Sementara di jalan tepat didepan rumah pak Cecep berhenti sebuah mobil avansa hitam dan dari dalam mobil tersebut keluar 2 orang laki laki yang terlihat sudah setengah baya yang satu memakai pakaian perlente dengan jaket tebal sedang temanya masih memakai pakaian tradisional jawa barat dengan celana selutut dengan baju di buka di depan terselip senjata andalan sebuah kujang dengan warna kuning keemasan

“Dik, AA perkenalkan dengan kakek Asep Mulyana, kakek aku” kata Candra sambil berdiri dan menarik tangan Arum untuk menghampiri kakek Asep yang kini duduk berdekatan dengan ayah Cecep dan ayah Mahendra ayah dari Candra

Arum yang agak terkejut karena dengan tiba tiba Candra menarik tangannya untuk di bawa hadapan kakek Asep, tidak bisa berbuat banyak hanya bisa menepis tangan Candra yang masih menggenggam tangan Arum tapi peganggan Candra begitu kuat sehingga Arum sulit untuk melepaskan diri dan akhirnya mengikuti langkah Candra untuk menghampiri tempat kakek Asep berada

“Kek, pekenalkan ini Arum” kata Candra setelah mereka saling dekat

Kakek Candra menghentikan omongannya dengan ayah Cecep dan menoleh kearah Arum dan mengamati gadis yang kini berdiri di depan mereka

Sekilas kekek melihat penampila Arum malam ini gadis manis dengan kerudung biru dengan baju muslimah warna biru panjang se lutut dangan celana panjang hitam

“Cantik” komentar kakek Asep, lanjutnya “Kamu pentar juga memilh pasangan ya”

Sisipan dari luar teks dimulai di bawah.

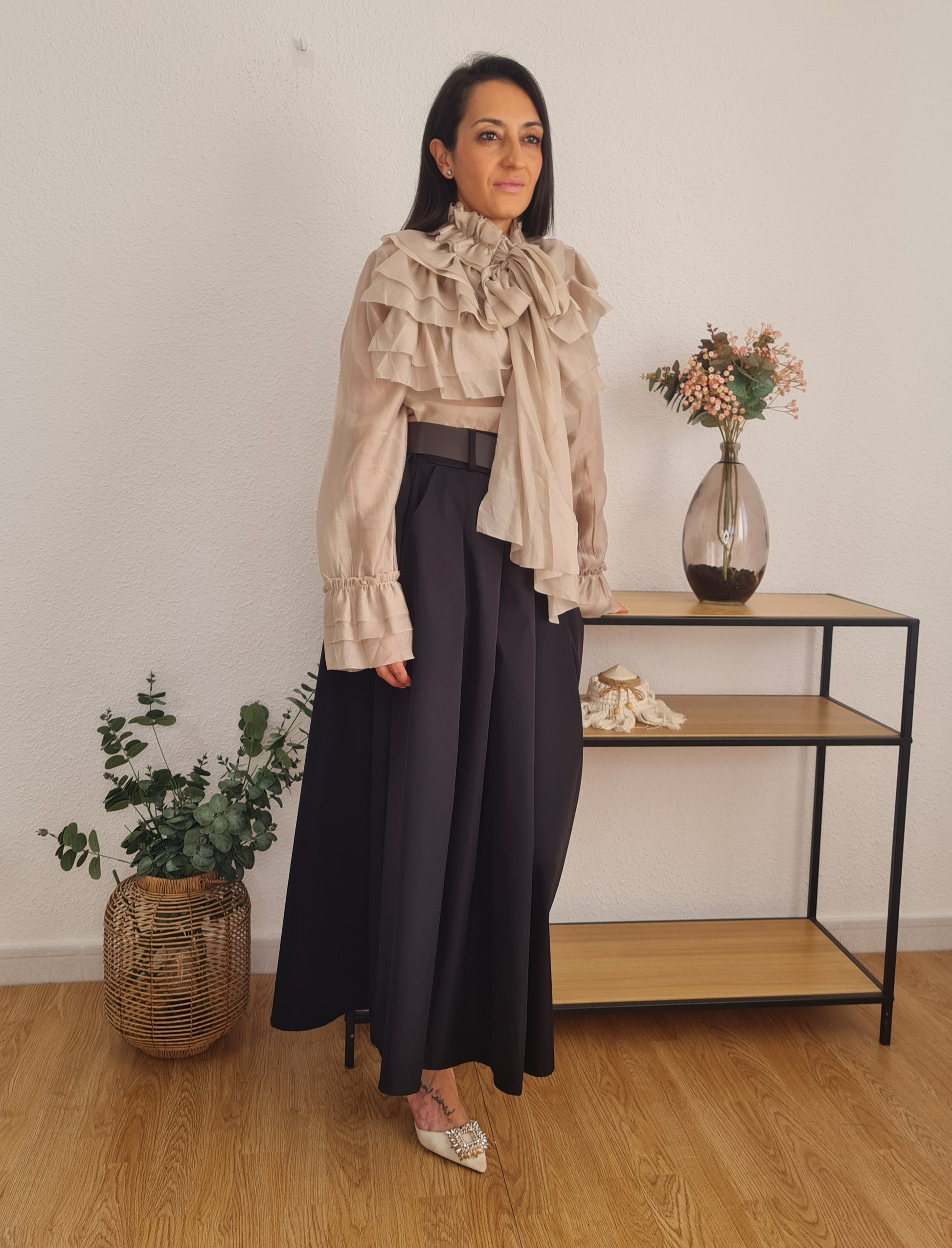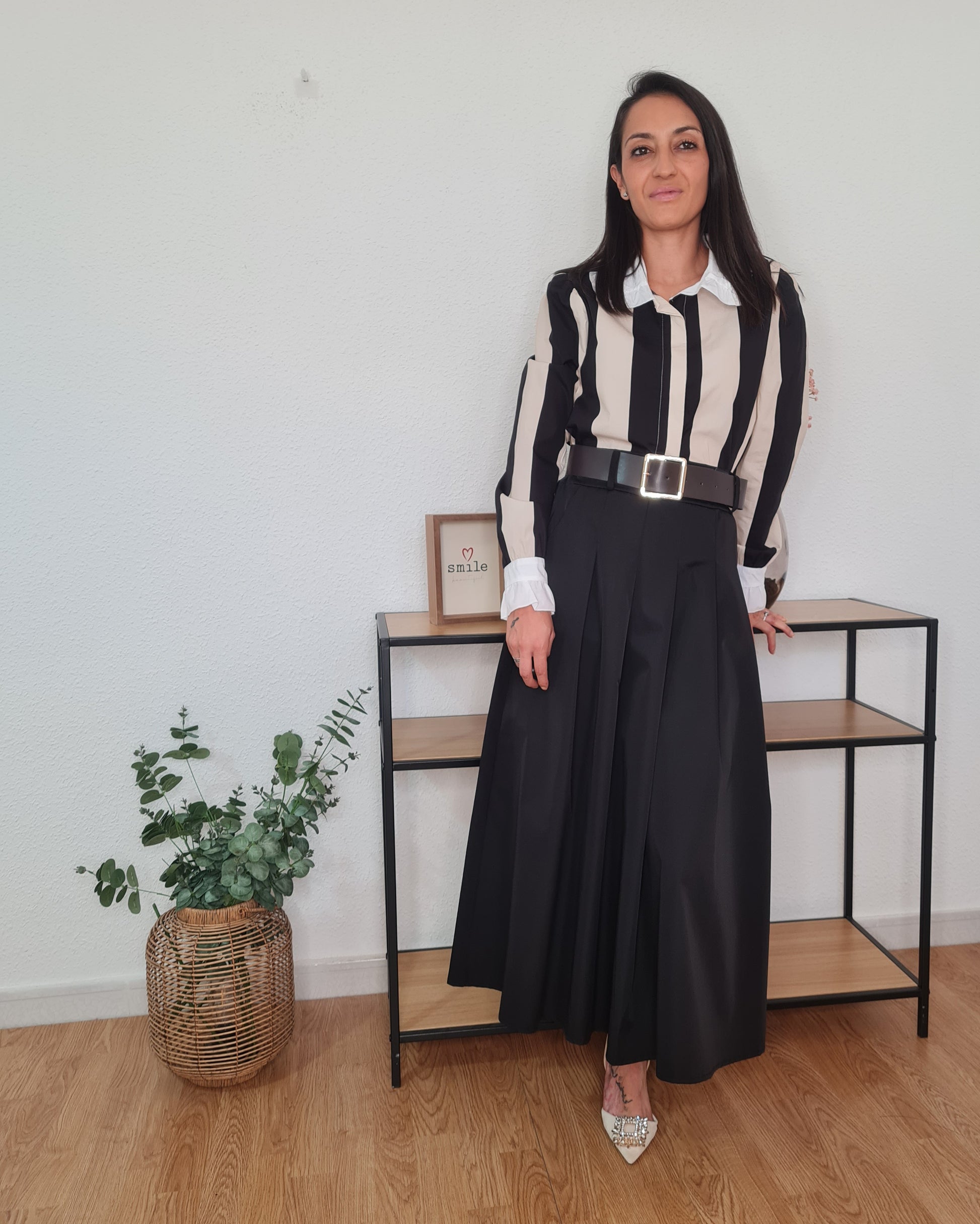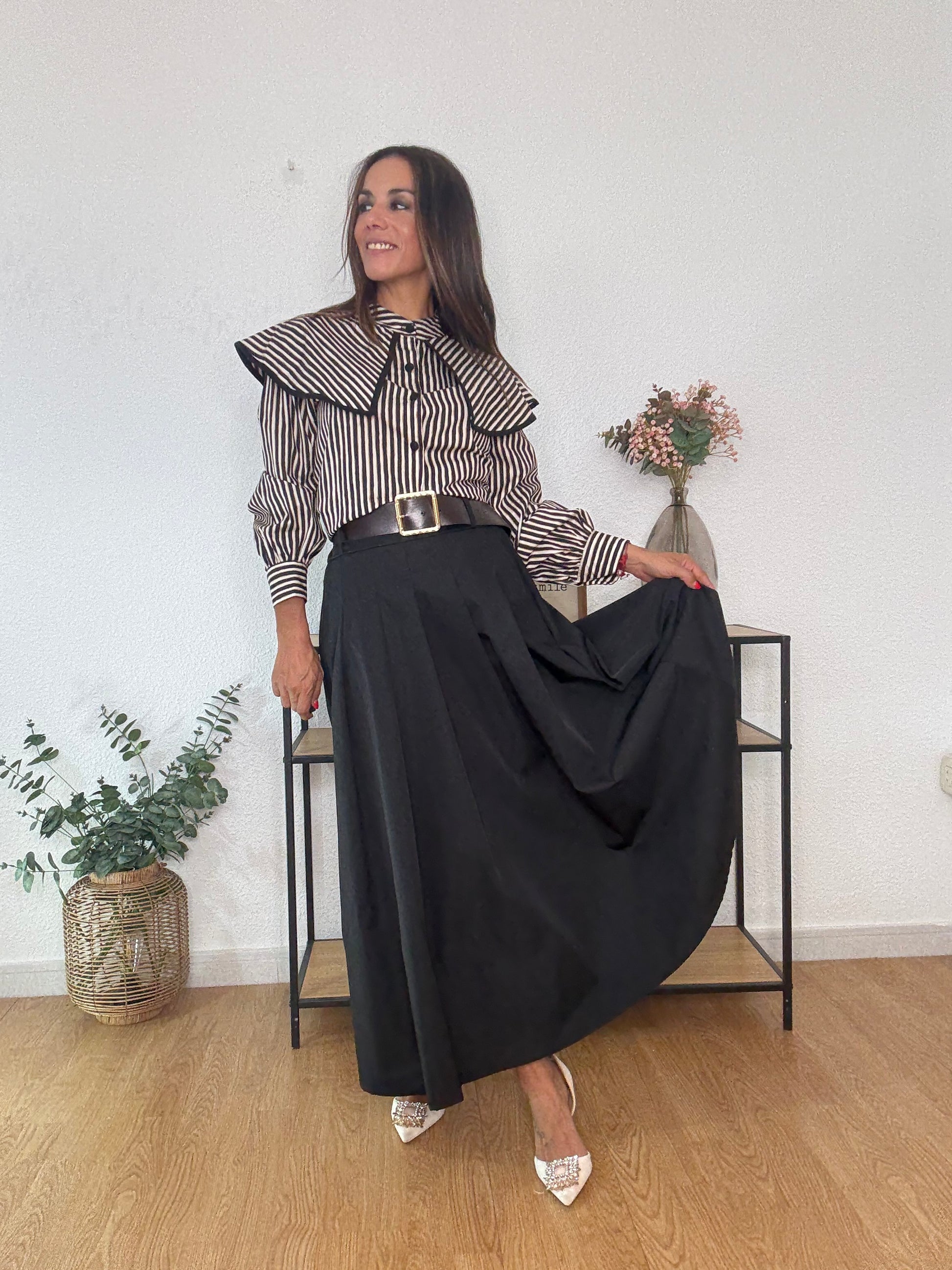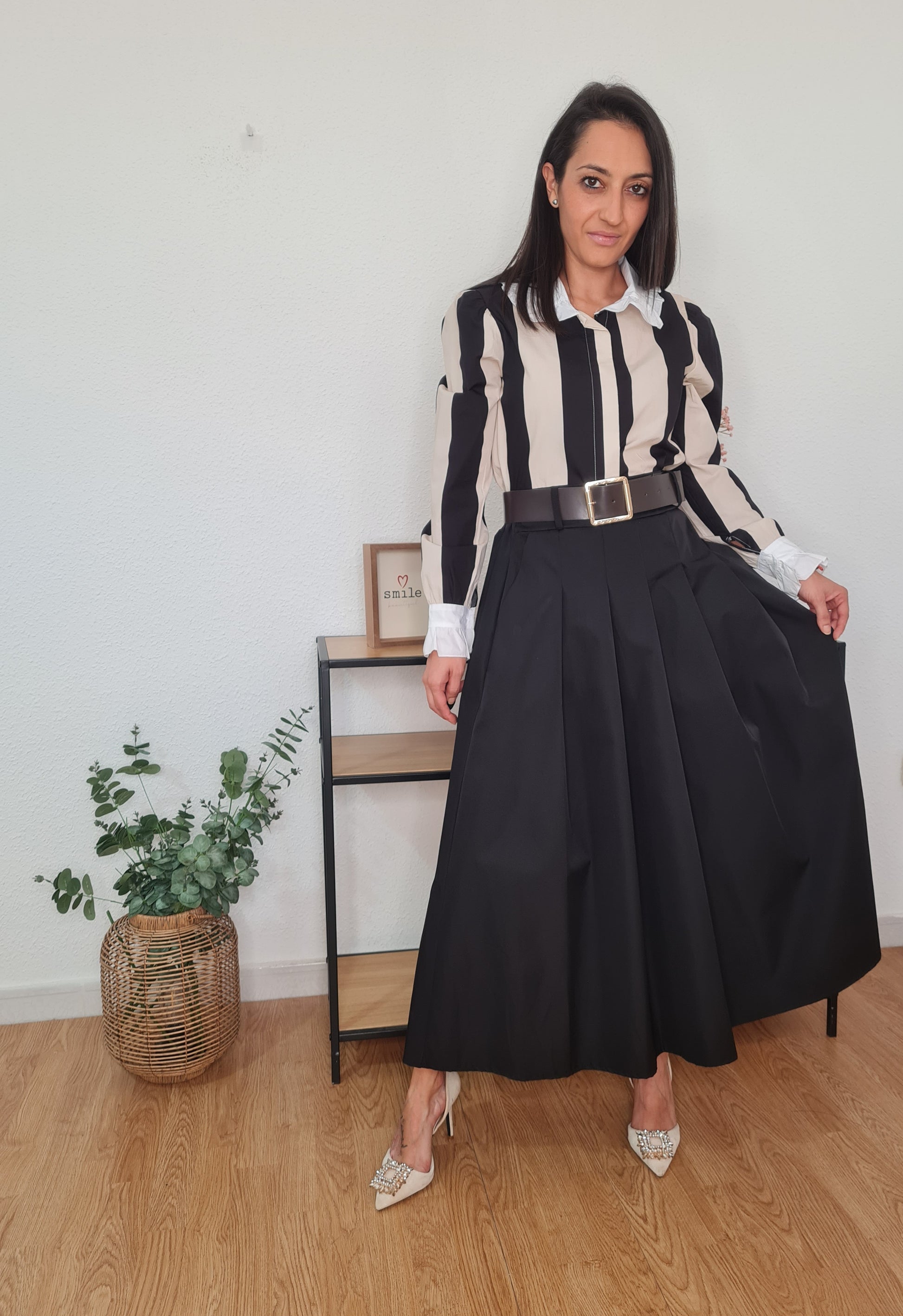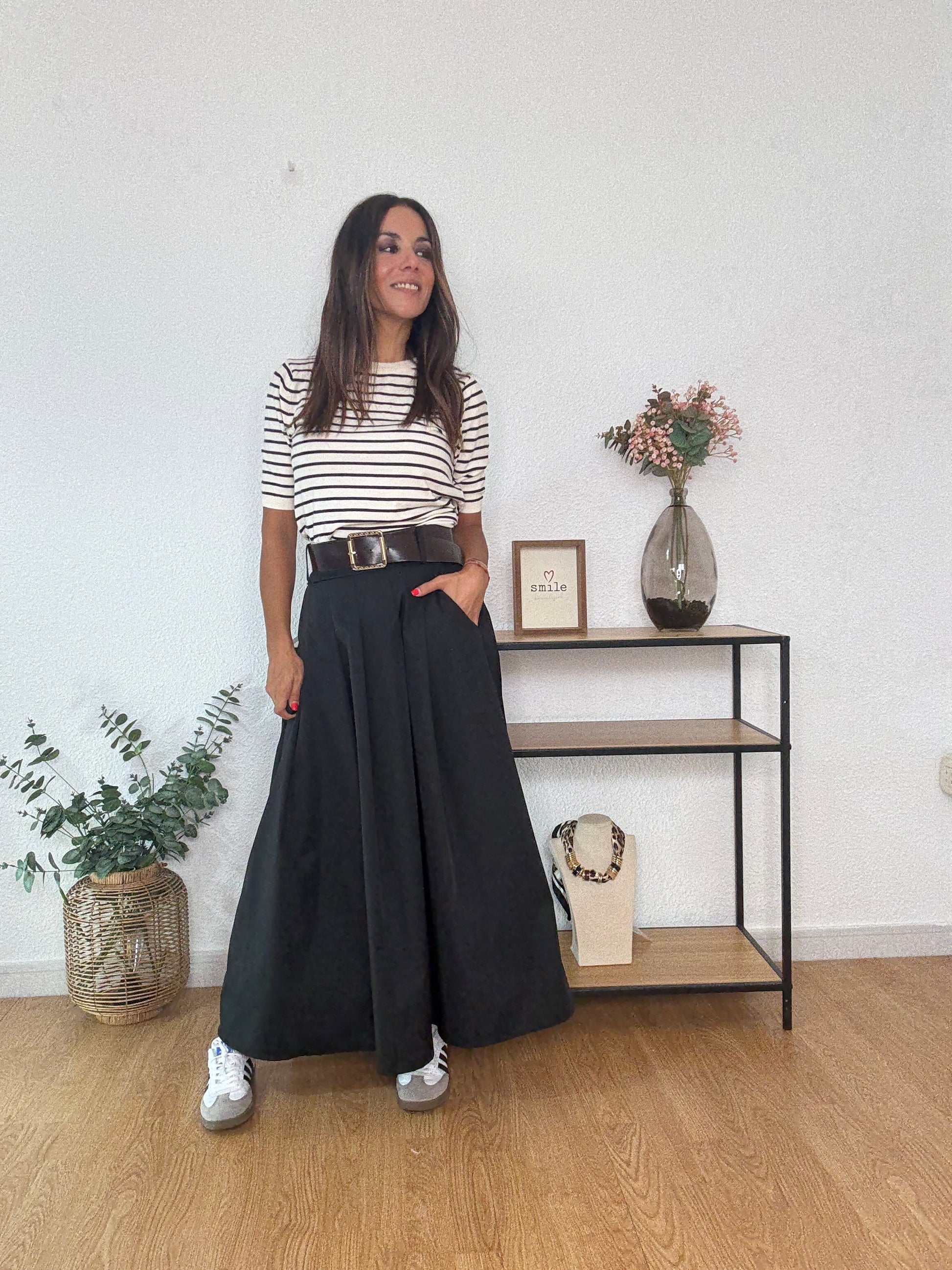 La falda Amberes está confeccionada en tela de gabardina, con un corte midi amplio y elegante que aporta movimiento y sofisticación a cada paso. Incluye bolsillos y cinturón que realza la cintura y estiliza la silueta. Una prenda versátil que puedes llevar con camisa y tacones para un look de impacto, o con camiseta marinera y sneakers para un estilo effortless chic.

“Siapa dulu dong kek” kaya Candra sambil tersenyum

“Pak Cecep, apa ini putri anda” kata kakek Asep pada pak Cecep

“Benar pak, ini anak saya dari istri pertama aku” kata pak Cecep menjawab pertanyaan kakek Asep

“Aku setuju punya cucu mantu seperti Arum” kata kekek Asep, lanjutnya “Dra apa sudah kamu minta nak Arum menjadi mantumu”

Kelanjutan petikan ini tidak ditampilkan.